• [About this task]
Would you return exactly the lines below from the line with "Dieser lässige V-Pullover" through the line with "This inviting single-story", both included, and nothing else, leaving out the pictures?

── Exercise data

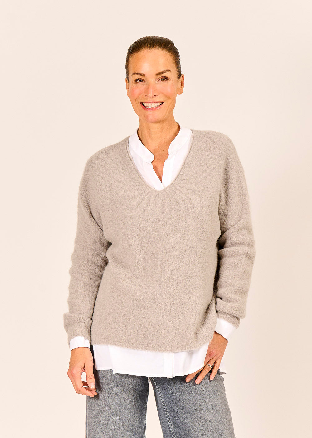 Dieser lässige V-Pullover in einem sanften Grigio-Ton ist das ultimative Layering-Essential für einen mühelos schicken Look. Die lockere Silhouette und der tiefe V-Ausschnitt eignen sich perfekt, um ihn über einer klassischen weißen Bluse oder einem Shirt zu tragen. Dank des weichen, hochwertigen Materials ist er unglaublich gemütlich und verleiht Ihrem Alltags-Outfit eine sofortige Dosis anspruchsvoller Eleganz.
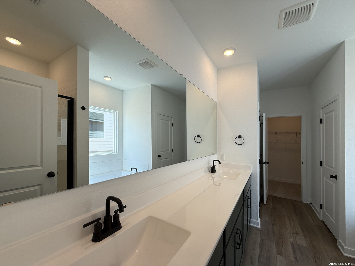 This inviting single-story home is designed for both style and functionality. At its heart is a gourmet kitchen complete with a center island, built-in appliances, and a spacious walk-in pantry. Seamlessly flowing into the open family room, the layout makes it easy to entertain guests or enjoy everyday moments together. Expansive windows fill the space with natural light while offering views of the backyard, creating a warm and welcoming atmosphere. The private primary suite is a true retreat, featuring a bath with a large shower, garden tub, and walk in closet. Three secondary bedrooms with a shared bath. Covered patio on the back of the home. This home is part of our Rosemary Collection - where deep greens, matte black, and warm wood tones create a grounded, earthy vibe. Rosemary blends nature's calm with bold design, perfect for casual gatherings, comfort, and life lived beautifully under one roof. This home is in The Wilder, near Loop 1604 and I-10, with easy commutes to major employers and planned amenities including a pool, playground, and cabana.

────
── Exercise data

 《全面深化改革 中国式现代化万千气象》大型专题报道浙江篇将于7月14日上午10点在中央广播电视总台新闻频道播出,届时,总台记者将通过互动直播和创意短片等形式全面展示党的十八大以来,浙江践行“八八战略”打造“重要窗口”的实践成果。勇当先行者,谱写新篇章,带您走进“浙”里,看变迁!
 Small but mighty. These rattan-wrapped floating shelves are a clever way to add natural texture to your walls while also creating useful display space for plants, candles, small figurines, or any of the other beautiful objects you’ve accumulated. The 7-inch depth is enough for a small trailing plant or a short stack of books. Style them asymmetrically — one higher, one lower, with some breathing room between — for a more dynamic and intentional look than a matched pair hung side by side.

────

• [Expected output]
 Dieser lässige V-Pullover in einem sanften Grigio-Ton ist das ultimative Layering-Essential für einen mühelos schicken Look. Die lockere Silhouette und der tiefe V-Ausschnitt eignen sich perfekt, um ihn über einer klassischen weißen Bluse oder einem Shirt zu tragen. Dank des weichen, hochwertigen Materials ist er unglaublich gemütlich und verleiht Ihrem Alltags-Outfit eine sofortige Dosis anspruchsvoller Eleganz.
 This inviting single-story home is designed for both style and functionality. At its heart is a gourmet kitchen complete with a center island, built-in appliances, and a spacious walk-in pantry. Seamlessly flowing into the open family room, the layout makes it easy to entertain guests or enjoy everyday moments together. Expansive windows fill the space with natural light while offering views of the backyard, creating a warm and welcoming atmosphere. The private primary suite is a true retreat, featuring a bath with a large shower, garden tub, and walk in closet. Three secondary bedrooms with a shared bath. Covered patio on the back of the home. This home is part of our Rosemary Collection - where deep greens, matte black, and warm wood tones create a grounded, earthy vibe. Rosemary blends nature's calm with bold design, perfect for casual gatherings, comfort, and life lived beautifully under one roof. This home is in The Wilder, near Loop 1604 and I-10, with easy commutes to major employers and planned amenities including a pool, playground, and cabana.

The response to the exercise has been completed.